Detokenization, alternative 2: You could solve the problem externally. The detokenize function from issue #17 almost solves the problem. It should be easy to capture the remaining differences between the detokenized text and the original input with some string alignment algorithm and to add the additional information to the tokens.

Addressing the tokenization error: Emoticons that contain an erroneous space should be quite rare. If you do not need to recognize them (for example because regular sequences of colon, space and paren are much more frequent in your data), you could try to deacticate that feature of the tokenizer.

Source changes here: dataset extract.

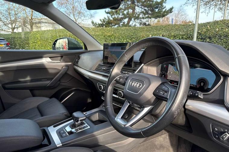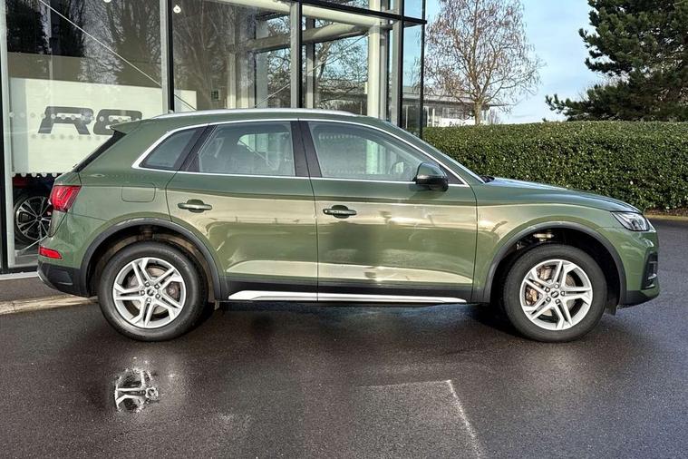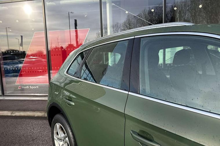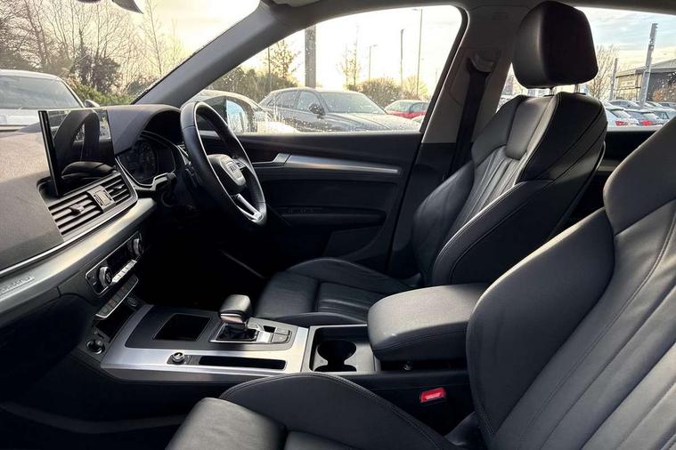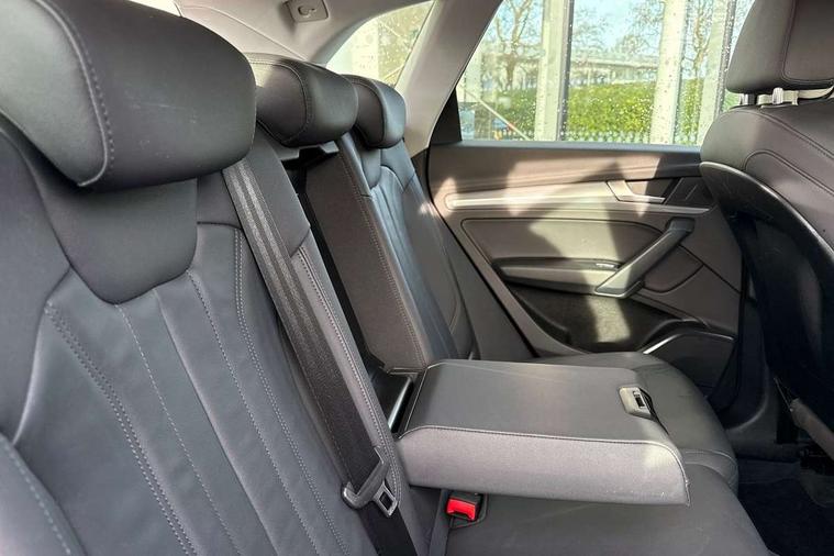 Audi connect safety and service (e-call), Audi connect with Amazon Alexa Integration, Audi drive select, Audi virtual cockpit plus with 12.3" screen and three different layout designs, Audi wireless smartphone interface, Automatic start-stop system with coasting functionality and efficiency programme, Bluetooth interface, Cruise control + speed limiter, Electro - mechanical power assisted steering, MMI navigation plus with 10.1" touch screen, Power tailgate, Reversing camera, Service interval indicator, Voice control system with Audi hotword activation "Hey Audi", Diesel particulate filter, Dynamic suspension, Quattro on demand, 2 x USB charging port with aux input socket, DAB Digital radio, Acoustic windscreen, Air inlets in matt titanium black with blades in matt aluminium silver, Aluminium roof rails, Auto dimming door mirrors, Auto dimming rear view mirror, Automatic headlight adjustment, Automatic headlights and windscreen wipers, Body colour bumpers, Body colour door mirrors, Chrome plated exhaust trims, Daytime running lights, Door sills in Selenite silver, Electric adjustable/heated/folding door mirrors, Front and rear electric windows, High level LED brake light, LED headlights and LED tail lights, Lower bumpers painted in contrast Manhattan grey, Matt selenite silver underbody protection, Matt twilight grey radiator grille with chrome vertical struts, Rear chrome trim strip below lights, Rear diffuser strip in selenite silver, Rear side wing doors, Rear spoiler, Rear wiper, Roof bars, 3 rear headrests, 3 spoke multifunction leather steering wheel with shift paddles, 40:20:40 split folding 3 rear bench seat in 2nd row with rear centre armrest, Comfort front centre armrest, Deluxe 3 zone electronic climate control, Door sills trims with aluminium inlays, Front/rear floor mats, Heated front seats, Height adjustable front head restraints, Height/reach adjustable steering column, ISOFIX child seat mounting and top tether, Luggage compartment cover, Manual seat adjustment with 4-way electric lumbar support, Removable luggage compartment floor, Silver cloth headlining, Single front passenger seat, Sunvisors with vanity mirrors, Twin leather upholstery + front sports seats, High gloss pack - Q5, LED interior light pack - Q5, 3 point seatbelts on all seats, 6 airbags - Driver, front passenger, curtain and side airbags, Electrically operated child locks on rear doors, Electromechanical parking brake, Electronic stabilisation control including ABS, ASR and EDL, Front passenger airbag deactivation, Hill descent control, Hill hold assist, Multi collision brake assist, Pop-up bonnet for pedestrian protection, Pre sense city, Seat belt force limiter, Seatbelt monitoring, Tyre pressure warning, Warning triangle and first aid kit, Anti theft alarm, Anti-theft wheel bolts, Keyless Go access/ignition system, Remote central locking, Aluminium rhombus inlay,

Unfortunately, there is no API for doing that, but a small hack can do the trick: You can set the regular expression that recognizes emoticons with a space to something that never matches, e.g. r"$^" (end of string followed by beginning of string). Here is how you could do that:

import somajo
import regex as re

tokenizer = somajo.SoMaJo("de_CMC", split_camel_case=True, split_sentences=True)
tokenizer._tokenizer.space_emoticon = re.compile(r"$^")
paragraph = ["Angebotener Hersteller/Typ:   (vom Bieter einzutragen)  Im \
              Einheitspreis sind alle erforderlichen \
              Schutzmaßnahmen bei Errichtung des Brandschutzes einzukalkulieren."]
for sent in tokenizer.tokenize_text(paragraph):
    for token in sent:
        print(token, " --> ", token.original_spelling)

And here is the output:

Angebotener  -->  None
Hersteller  -->  None
/  -->  None
Typ  -->  None
:  -->  None
(  -->  None
vom  -->  None
Bieter  -->  None
einzutragen  -->  None
)  -->  None
Im  -->  None
Einheitspreis  -->  None
sind  -->  None
alle  -->  None
erforderlichen  -->  None
Schutzmaßnahmen  -->  None
bei  -->  None
Errichtung  -->  None
des  -->  None
Brandschutzes  -->  None
einzukalkulieren  -->  None
.  -->  None

tsproisl avatar Mar 24 '21 19:03 tsproisl